Thousands of EU staff reject Chinese giant Hikvision's surveillance equipment over Uyghur repression
Nov 13, 2020
Brussels [Belgium], November 13 : Thousands of staff employed at the European Unions institutions have rejected the use of Chinese video surveillance provider Hikvision technologies in light of the company's association with China's human rights abuses and specifically the oppression of millions of Uyghurs.
President Cristiano Sebastiani of the leading European Institution Trade Union, Renouveau & Democratie, representing thousands of staff employed in the European offices, wrote a letter to Johannes Hahn, Commissioner in charge of Budget and Human Resources for the EU Institutions on Wednesday regarding the thermal imaging systems used by the European Commission and the European Parliament, produced by the Chinese technology giant Hikvision, according to a press statement.
The Hikvision cameras have been placed at entrances throughout the European Parliament and installed in the European Commission's main offices, the Berlaymont and Charlemagne buildings, the statement noted.
The Chinese company Hikvision has been accused of being linked to the oppression of Uyghurs and other Muslim minorities in East Turkistan, China's Xinjiang province, including providing surveillance equipment used in the brutal "re-education camps".
The Chinese government holds a 40 per cent controlling stake in Hikvision via the state-owned China Electronics Technology Group Corporation.

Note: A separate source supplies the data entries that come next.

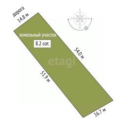 Земельный участок площадью 8,2 сотки, ровной прямоугольной формы. Земли населенных пунктов, подходит для строительства жилого дома. На границе участка стоит столб с электричеством.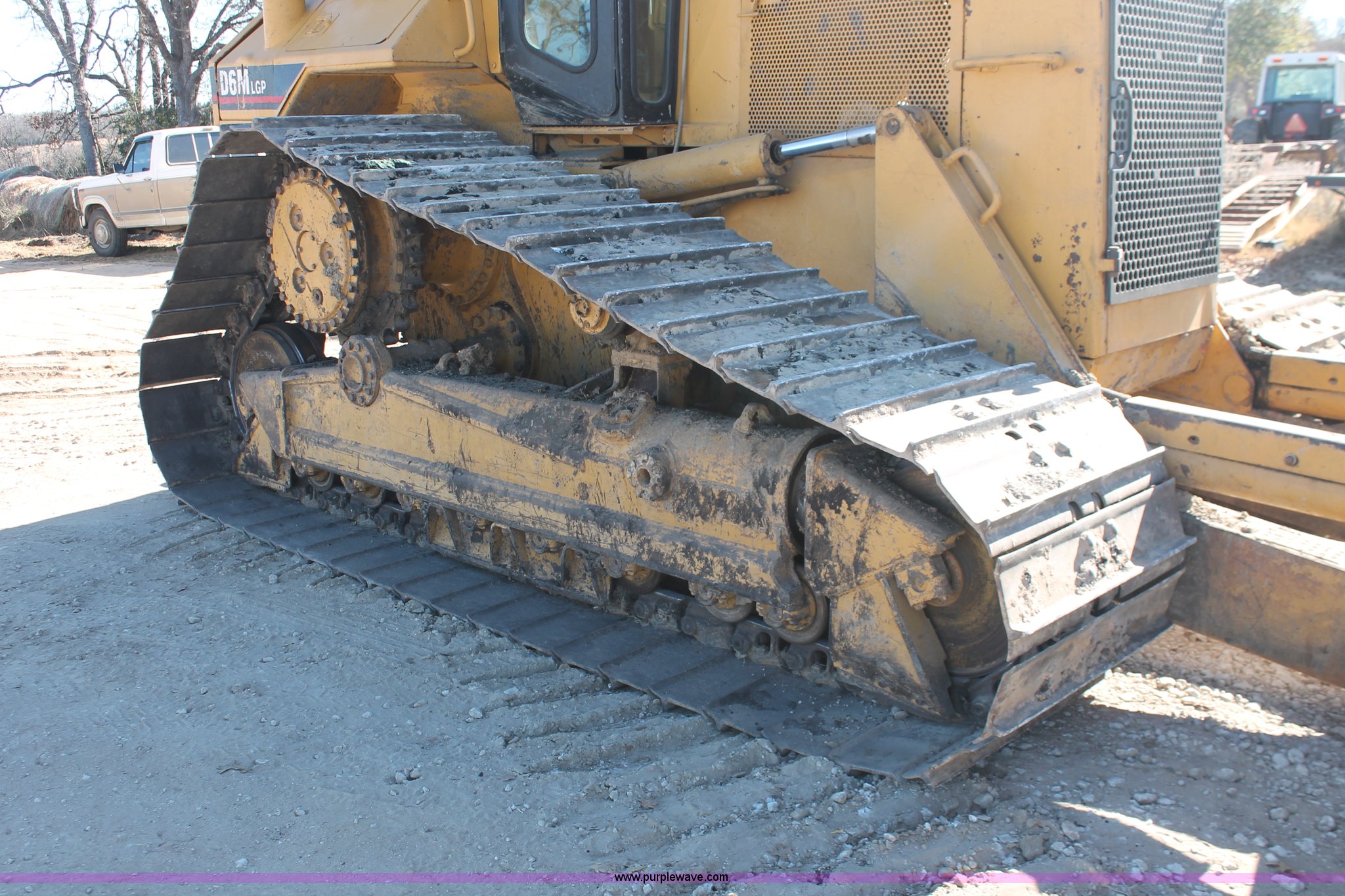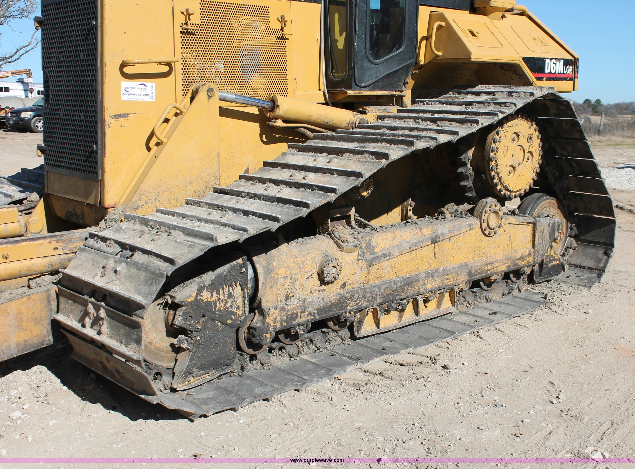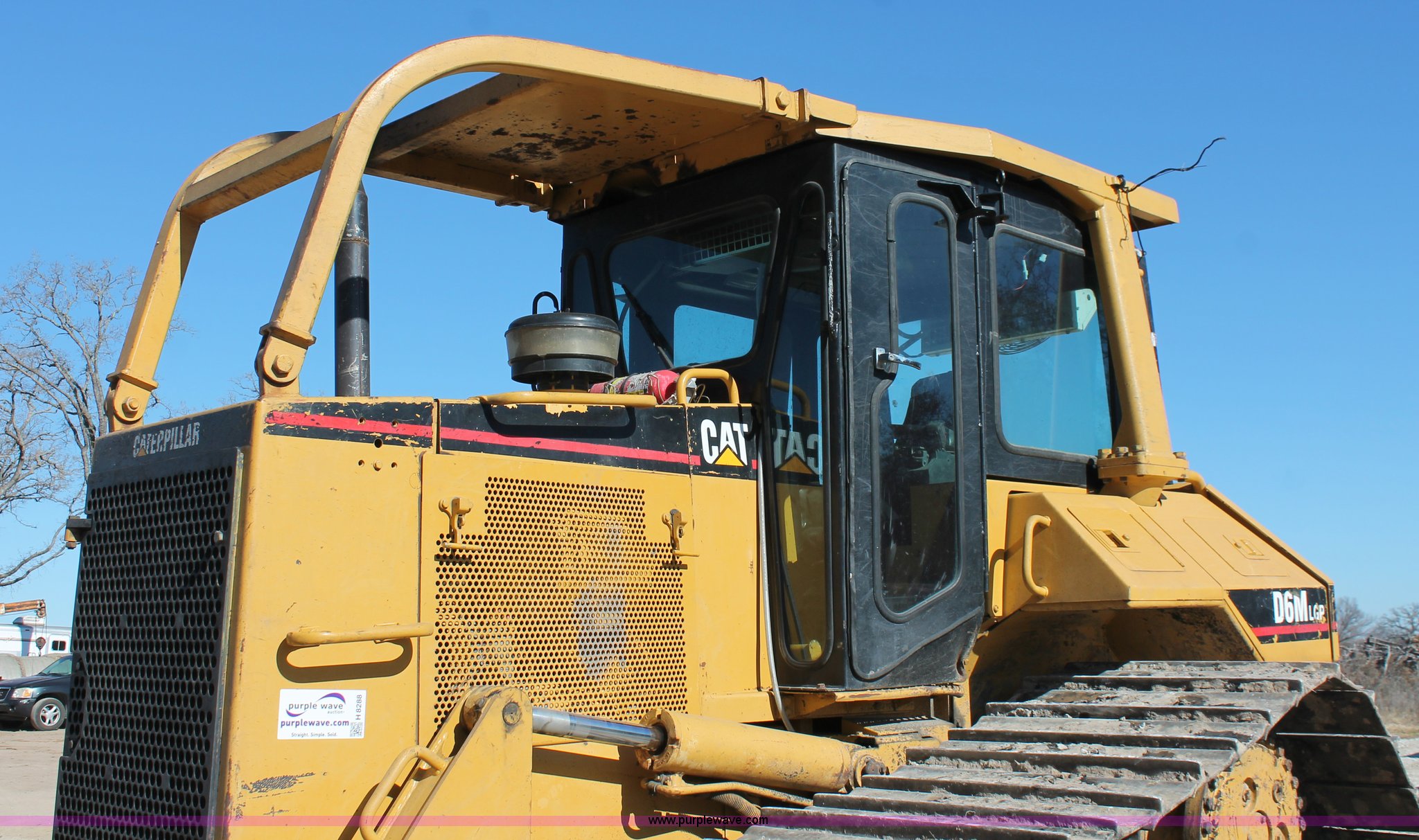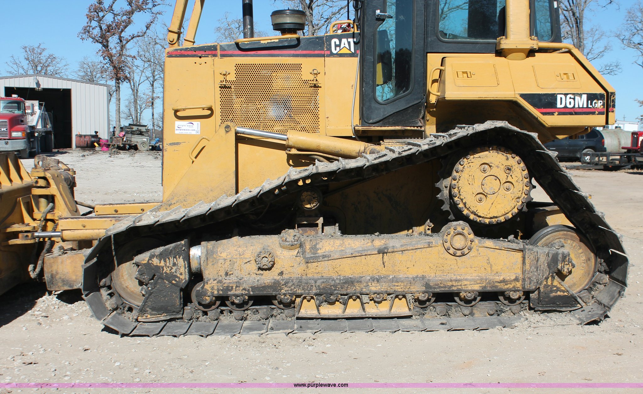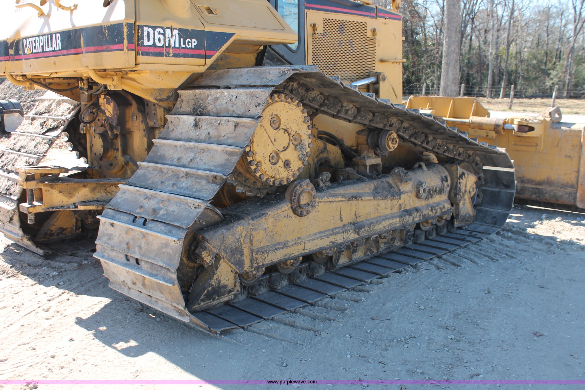 Purple Wave is selling a used Crawler Dozer in Texas. This item is a 1997 Caterpillar D6M LGP dozer with the following: 6,897 actual hours, Caterpillar 3116 6.6L six cylinder turbo diesel engine, 153 HP, Powershift transmission, 3F-3R gears, Enclosed cab, AC, AM/FM/cassette, Suspension seat, Front windshield wipers, Sweeps, Engine enclosures, Fingertip control steering, 160" S-dozer blade, Angle, Tilt, Rear draw bar, Caterpillar SALT undercarriage, (7) bottom rollers, 33.5"W single grouser tracks, 37,400 lbs. base operating weight, Recently replaced transmission, turbo, computer, DTAC AC system, sprockets, idlers, cutting edges, valves, sway bar, blade bushings, and re-calibration, Intermittent transmission between second and third gear, Serial 4JN00696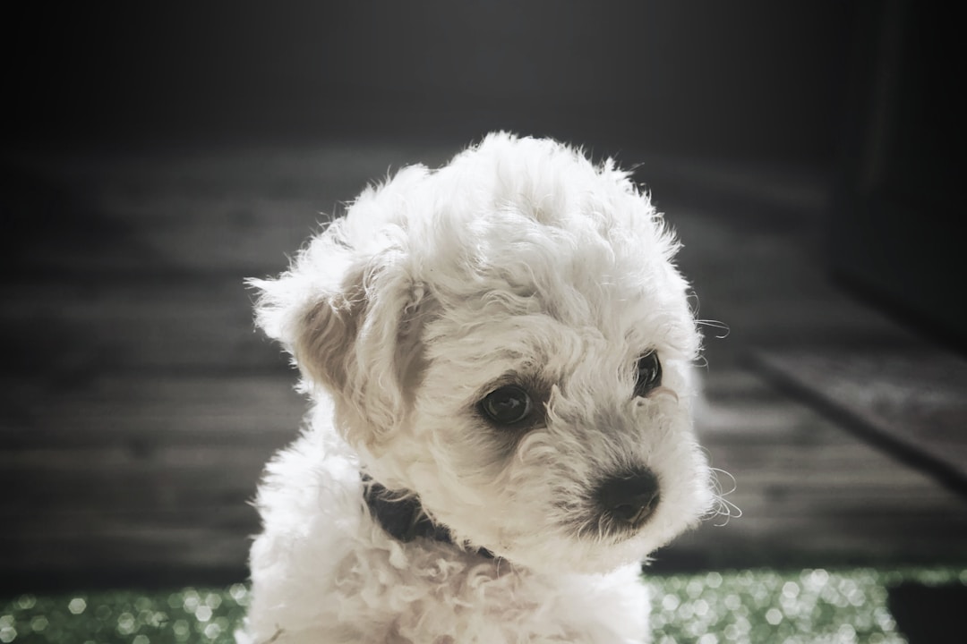 Pelage blanc bouclé en forme de boule de coton, yeux noirs ronds, petit chien compact, expression joyeuse.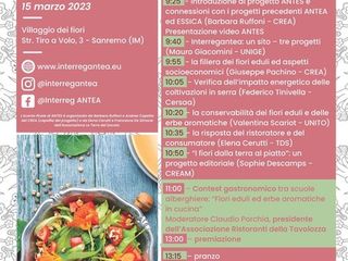 Nel pomeriggio sempre del 15 marzo, ci sarà la possibilità di partecipare all’evento di chiusura del progetto PSR BIOFIORI e alle ore 16.20 i presenti potranno assistere ad un confronto tra i partner dei due progetti coinvolti sulla filiera dei fiori eduli: ANTES e BIOFIORI.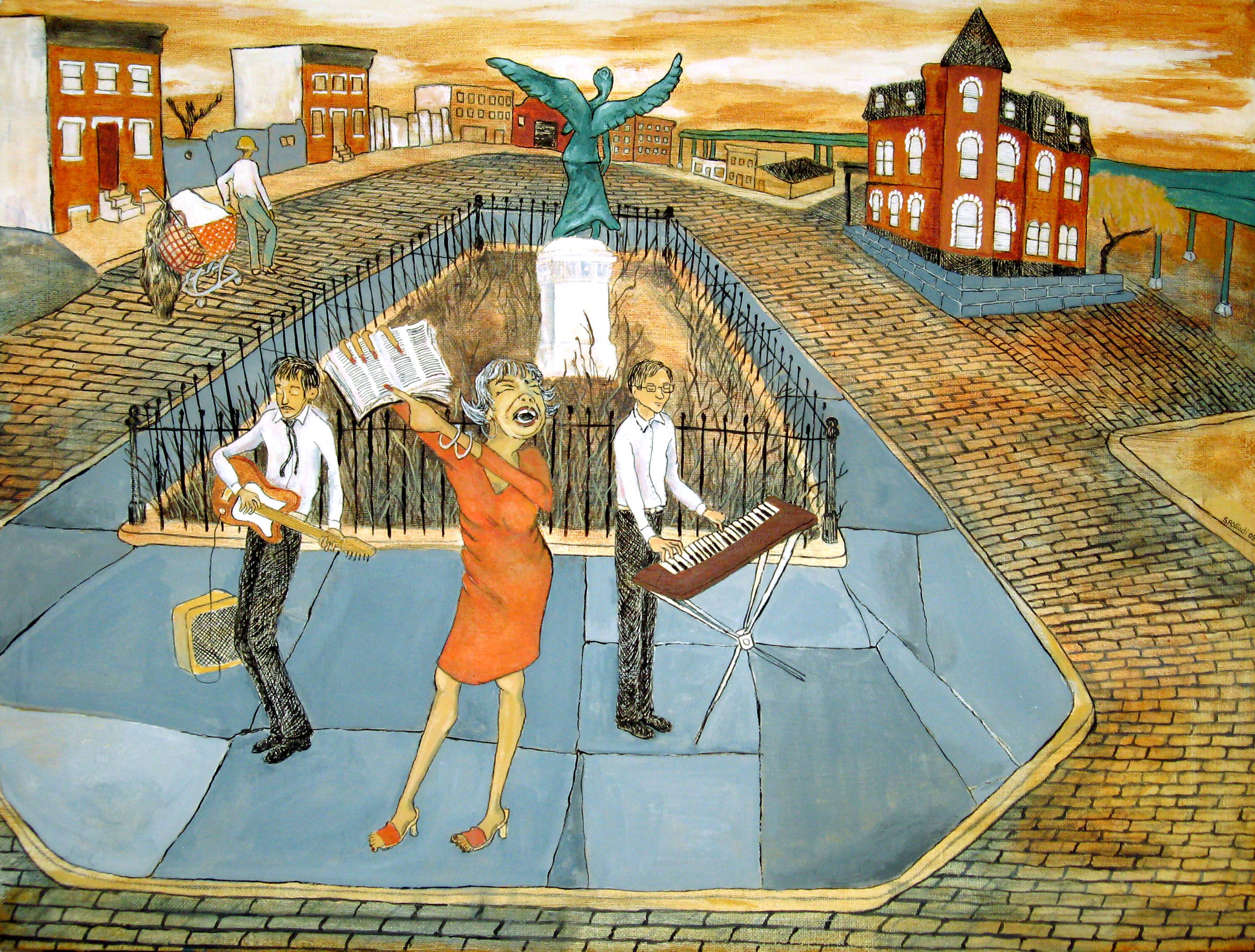 I sometimes play with the painting space to make things more immediate, or tilt things to make a more dramatic, symbolic, or surreal effect. In “Freedom Square, Bushwick,” I wanted to make a painting about aspiration. I took an ordinary city street and sort of upended it, leading the eye upwards. The three religious people are aspirational through preaching and singing, the man attempts to pull the shopping cart up to the top of the street, and the iron statue of the angel reaches the sky, and may or may not be ready to come to life and fly off the pedestal.

A leaked German Foreign Ministry report estimates that 1 million Uyghur in China are being detained without trial. Ethnic Kazakhs, Kyrgyz and members of other Muslim minority groups are also being imprisoned, the report said.
Sebastiani' letter comes after German Member of European Parliament (MEP) Reinhard Butikofer, head of the European Parliament delegation to China, denounced that the use of Hikvision technology by the European institutions as "extremely worrying" since "Hikvision is a technology company which is deeply complicit in the terrible oppression of the Uighur people in Xinjiang which borders on genocide" and that the European institutions should "immediately create transparency and draw the adequate consequences: i.e. sever any direct or indirect business relationship with Hikvision."
Also, Charlie Weimers, Swedish MEP from the European Conservatives and Reformists Group, said that: "The EU should have no dealings whatsoever with a Chinese firm that is alleged to be involved in some of the most abhorrent human rights abuses in the world" and that "Nobel Prize winners should adhere to a higher standard."
Svenja Hahn, German MEP from the Renew Europe group, addressed a letter to President European Parliament David Sassoli, saying that she found "it outrageous that European taxpayers' money has been used to purchase monitoring equipment from a company that with their products enables mass surveillance, oppression of minorities and massive breaches of human rights".
The use of Hikvision technology by the European institutions has provoked strong reactions from EU institutions staff as well and they have expressed their discontent at having to come face to face with a company accused of contributing to human rights violations in China.
Concerning the management of personal data, the spokesperson of the European Parliament confirmed that "the equipment is neither connected to the Parliament's computer network nor records any data".